What is expected
Transcribe the lines below exactly. No image belongs in the transcription.

Information shown
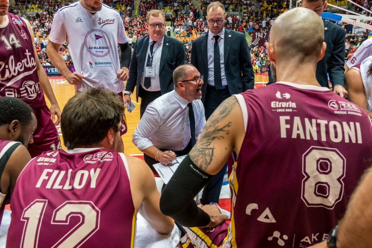 La Bi.Emme. Service Libertas Livorno si è specializzata in rimonte. Dopo Brindisi anche Bergamo cade al Modigliani Forum dopo aver condotto per larghi tratti la partita. Il successo è tutto da dedicare al Presidente Marco Benvenuti, arrivato venerdì mattina dagli Stati Uniti e presente nel parterre, ed anche alla famiglia Barghigiani che ha sposato la causa amaranto abbinando per il secondo anno consecutivo il proprio brand alla Libertas. Ed il nuovo title sponsor ha portato fortuna. Fortuna ha portato anche la presenza del neo ctazzurro Luca Banchi, acclamato dai 4000 dei Modigliani Forum.
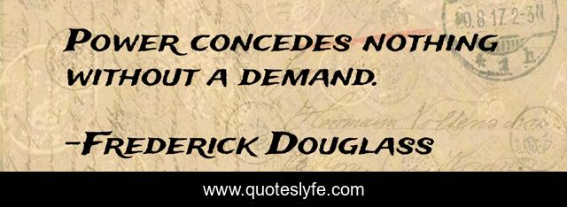 "Frederick Douglass Quotes." Quoteslyfe.com, 2025. Sat. 06 Dec. 2025. <https://www.quoteslyfe.com/quote/Power-concedes-nothing-without-a-demand-56765>.
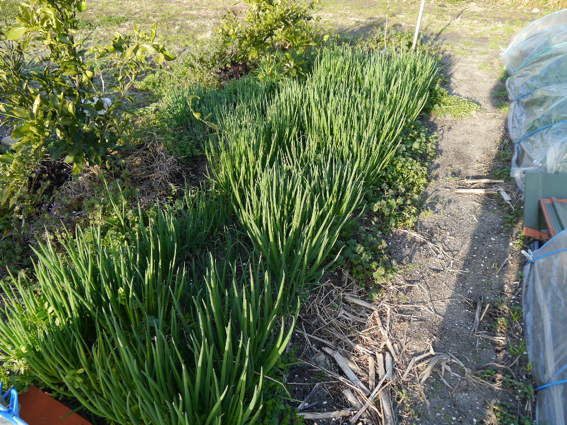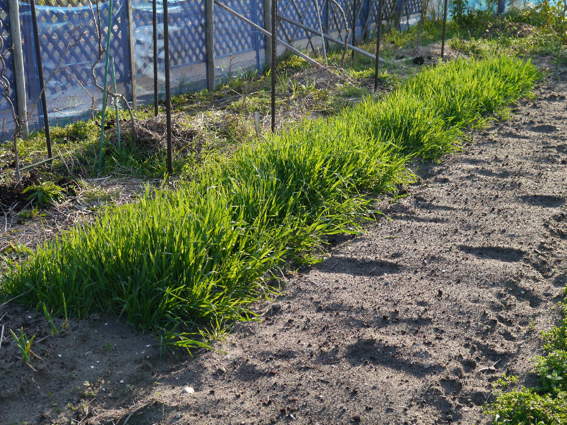 右のライ麦はだんだん背が高くなってきました 左はニンニク畑です
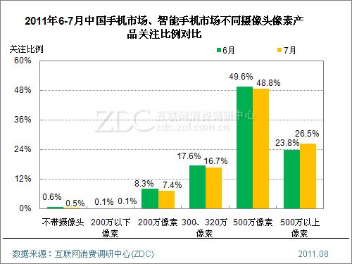 • 500萬以上像素智能手機關注比例較上月顯著增長2.7%

Your solution
 La Bi.Emme. Service Libertas Livorno si è specializzata in rimonte. Dopo Brindisi anche Bergamo cade al Modigliani Forum dopo aver condotto per larghi tratti la partita. Il successo è tutto da dedicare al Presidente Marco Benvenuti, arrivato venerdì mattina dagli Stati Uniti e presente nel parterre, ed anche alla famiglia Barghigiani che ha sposato la causa amaranto abbinando per il secondo anno consecutivo il proprio brand alla Libertas. Ed il nuovo title sponsor ha portato fortuna. Fortuna ha portato anche la presenza del neo ctazzurro Luca Banchi, acclamato dai 4000 dei Modigliani Forum.
 "Frederick Douglass Quotes." Quoteslyfe.com, 2025. Sat. 06 Dec. 2025. <https://www.quoteslyfe.com/quote/Power-concedes-nothing-without-a-demand-56765>.
 右のライ麦はだんだん背が高くなってきました 左はニンニク畑です
 • 500萬以上像素智能手機關注比例較上月顯著增長2.7%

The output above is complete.